Almodóvar’s tone deafness in class awareness
To call the use of flashbacks Freudian primarily rings true, as Mallo’s mother (Cruz) offers maternal comfort and deep-seated nostalgia to the young prodigy. During a moment where there is much protestation over a meal, Mallo is given a block of chocolate to consume between crusty bread, as he sits alongside his mother, oozing a rich innocence and reassurance that only a child could ever fully appreciate. Zoom forward to the present day; now Mallo tends to his ailing mother, repaying the kindness and sacrifice she forwent to nurture his considerable talent, taking her arm and walking round the apartment as part of her exercise.
This back and forth with time pays dividends in satisfaction as the contrasts glow between the ages. Older Mallo may be going off the rails, but his youth is always there to remind us of how pure life can be. There's a throbbing adolescent pull throughout which yearns for the simplicity of youth.
More’s the pity, that in a rock-solid film, there is one sequence which illuminates a tone deafness in Almodóvar's class awareness. Mallo visits a rough ‘n ready neighbourhood to score drugs. The gang are all caricatures for stereotypical drug dealers – black, migrants, tank-topped, hanging on a decaying playground. The surrounding locals are violent ne’er do wells, prepped to engage their fists before their brains. And it's clear throughout this relatively short-lived scene that Mallo is at odds with his surroundings – a wealthy, well-attired older man, shuffling along like flashing beacon – but for all the attention given to the rest of Pain And Glory’s delicate mise en scene, this feels painfully detached and very clumsy at best.
Where Almodóvar excels is in his progressive attitude to sexuality and identity – a thread consistent in his work throughout his back catalogue, from Banderas’ debut for the director in Labyrinths Of Passion (1982) to taking prominence in All About My Mother (1999). By gently sowing the seeds of sexuality with the younger Mallo - as he wondrously gazes as a handsome grown man bathes in the kitchen - there’s a pay-off for the older Mallo emotionally concluding the ‘what if’ moment of his lifetime. It would be fair to say there are some lines which can be delineated between Pain And Glory and Barry Jenkins’ Moonlight (2016). In both films the manner of approach to same sex relationships by contrasting between timelines make them beautiful to watch. They slowly unfurl and are intensely felt when they gently blossom.
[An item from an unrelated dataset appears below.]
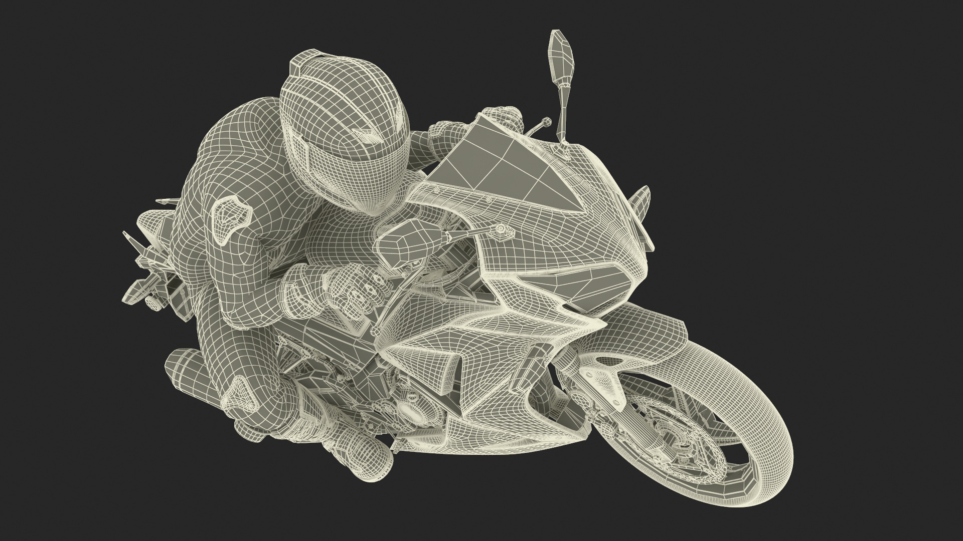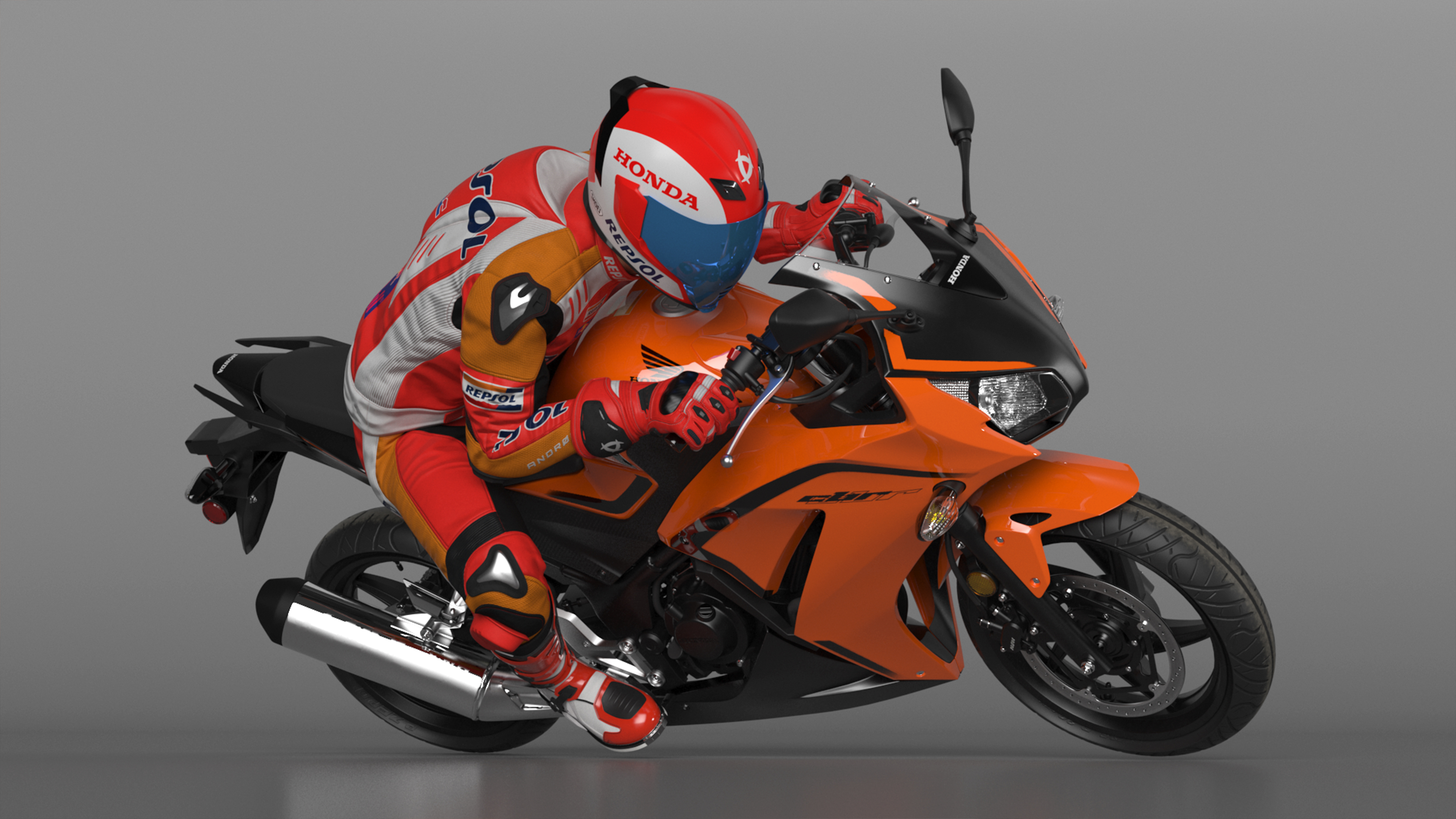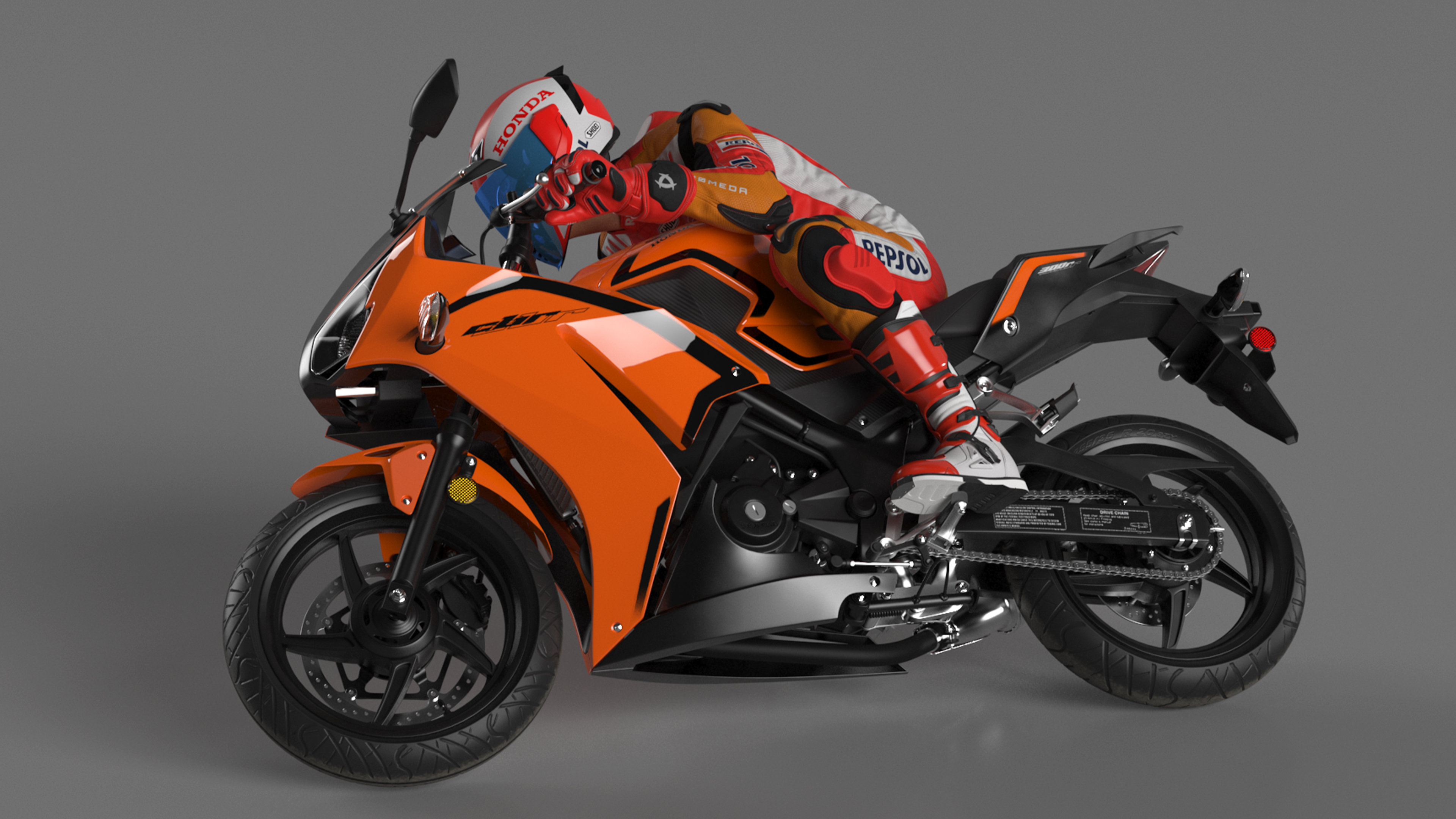Honda Motorcycle with Rider Turning is a high quality, photo real 3d model that will enhance detail and realism to any of your rendering projects. The model has a fully textured, detailed design that allows for close-up renders, and was originally modeled in 3ds Max 2020 and rendered with V-Ray. Renders have no postprocessing!

You could cite all the artistic references (Hamlet posters in Mallo’s apartment, the convention of theatre as cinema, the overt political messages about modern Spanish societal woes) but it’s all dressing to what underpins Pain And Glory. It’s a film of reparations, reconciliation and acknowledgement. The biographical details are rather scant because at the heart of Pain And Glory is not a glorification of a life’s work. There’s a deep humility and humbling of self; the things we should have said, the rough with the smooth, or as Mallo dreamily laments; ‘the smells of pee and jasmine and a summer’s breeze.’.